A giant black and yellow newt looms lopsidedly over a mass of bodies, a council of animals in papier-mâché — badgers, puffins, otters. White-coated scientists walk between them, holding up placards with dire statistics on wildlife decline. Placards and banners display the logos of over 40 of our environmental conservation organisations: the RSPB, Butterfly Conservation, WWF, the Woodland Trust to name a few. You know it’s getting bad when a protest is mainly birdwatchers and butterfly enthusiasts. They gathered outside the Department for Environment, Food & Rural Affairs (DEFRA) HQ on Thursday, for an emergency rally called for by Springwatch host Chris Packham, in response to the National Trust’s State of Nature Report.

The report apparently paints an abysmal picture of the state of nature in the UK. I haven’t read it — we all have to find ways to hold the crushing anxiety of these times at arm’s length — but I already know I live in one of the most nature-depleted countries in the world. One in six species are on course to become extinct in the UK; that’s a stat I read on one of the placards. Yet we were the birthplace of an array of conservation groups that spread (not always innocently) around the world. It is often said that we are a nation of ‘nature lovers’. There is something macabre in the fact that we have one of the most studied environments in the world, we are replete with data — not to mention a whole literary industry geared towards waxing about ‘nature’ — and yet our natural world is in such an emergency. We have never had more data on the decline; we are overseeing destruction of nature with our eyes pinned open.

This isn’t lost on the conservation crowd. A speaker, maybe it was the man from Butterfly Conservation, described himself as having failed at his vocation. Chris Packham said something similar in a documentary this week, looking regretfully back on a career in zoology in which he has witnessed in close detail the decline of nature on a catastrophic scale.

Packham had called the rally to invite the conservation groups to unite under a demand to ‘Restore Nature Now’. There would be, it was stated on the rally’s website, ‘no paint, no powder, no gluing ourselves’ and this was reiterated by speakers at the event. We will be mild-mannered in our response to the crisis.

I heard anecdotally, off a woman next to me in the crowd, that the RSPB asked their members to attend the rally, but to not wear t-shirts with their logo on. This was apparently in response to being branded ‘political’ recently, and forced to apologise for calling the Conservative government ‘liars’ for backtracking on their environmental pledges. There were people at the rally wearing RSPB branding — presumably staff who had been briefed and could be trusted not to hold up a banner saying anything that might muddy the ‘discourse’. In a statement addressing their ‘liars’ accusation, a representative of the RSPB had said “the nature of public discourse does matter and…we have a role to play in that”.

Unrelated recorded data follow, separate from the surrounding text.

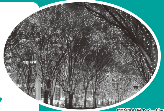
SENDAI光のページェント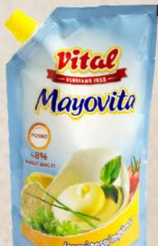
MAJONEZ LIGHT 270ML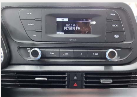
3,8"-os Integrált audio rendszer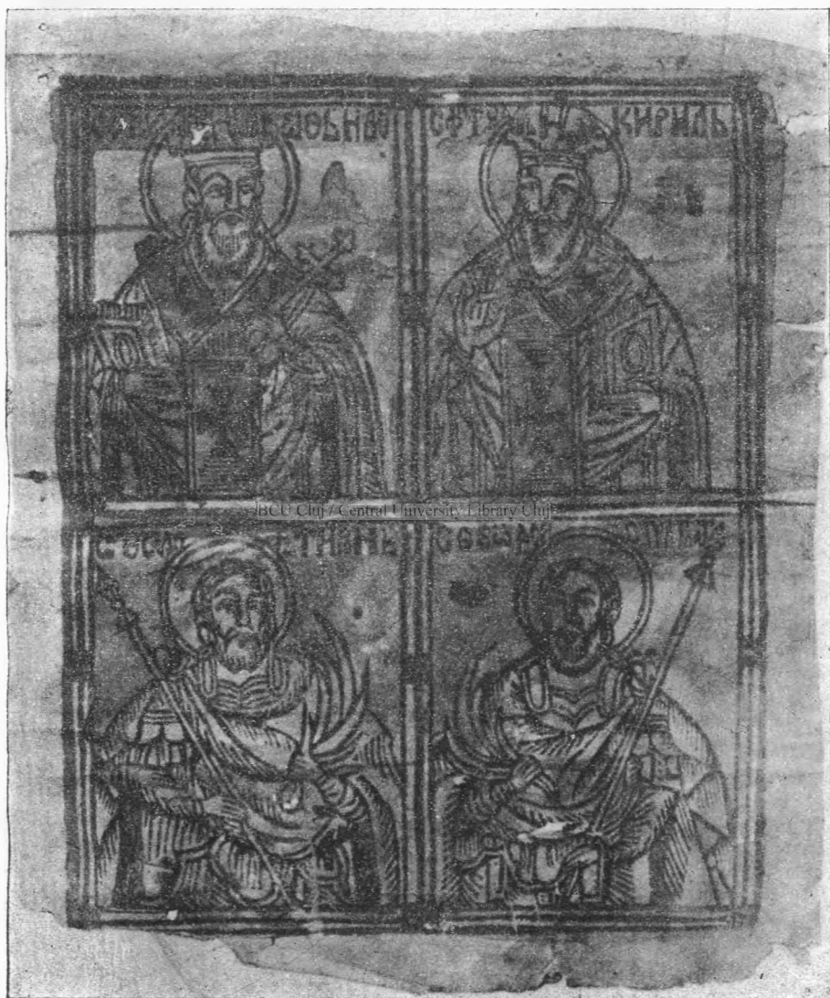
Una din cele mai vechi icoane tipărite pentru Romîni (pe la 1700).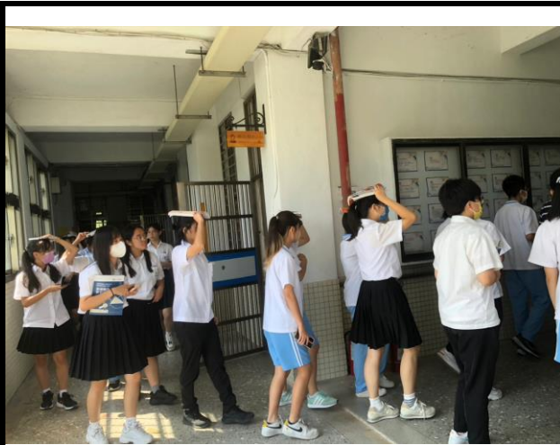
廣設大樓的學生拿書籍掩護重要的頭部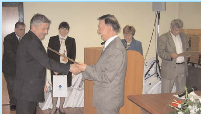
Četvrta svečana dodjela članskih kartica i plaketa održana 3. juna.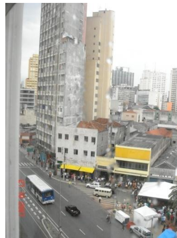
Figura 3 -Vista da área [cracolândia] a partir da janela da Pinacoteca, Rua Mauá.

Agora, além de dar “sustentação” aos equipamentos com a objetiva atração de empresas investidoras e, com elas, compartilhar o papel de “âncoras” da requalificação urbana, o percurso da cultura parece conhecer mais uma extensão com a contratação, no final de 2008, da dupla de arquitetos suíços Jacques Herzog e Pierre De Meuron para a elaboração do projeto da sede da “São Paulo Companhia de Dança” [SPCD], que será construída no centro da capital paulista, no terreno de dezenove mil metros quadrados da antiga rodoviária, localizada na Praça Júlio Prestes, ao lado da “Cracolândia”. 12 Com o novo centro cultural e teatro com capacidade para aproximadamente mil pessoas, a ideia do governo estadual [José Serra, PSDB] é uma nova tentativa de criar um polo ligado às artes na região, visto que na antiga estação Júlio Prestes, que fica em frente da antiga rodoviária, já funciona a Sala São Paulo. Tal polo, de acordo com o discurso proferido na época em que foi inaugurada a sede da OSESP, influenciaria a “revitalização” da região e agiria, já de início, “expulsando” os usuários atuais do local,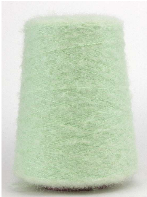
Farbe Asparago Farbnummer. 135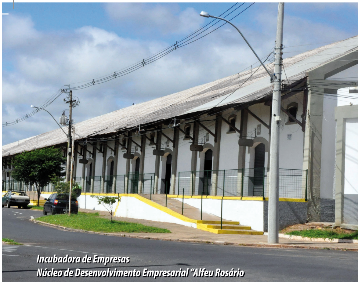
Incubadora de Empresas Núcleo de Desenvolvimento Empresarial "Alfeu Rosário"

They needn’t have bothered with the mildness: the Met were there anyway, Police Liaison Officers milling through the crowds, gathering information via friendly chats. Obviously in these times they need to keep a close eye on Patricia who just wants you to build a hedgehog highway and put bacon rinds on the bird table when the winter is harsh. On the ‘discourse’ side of things, The Daily Mail has already described the rally in inflammatory detail.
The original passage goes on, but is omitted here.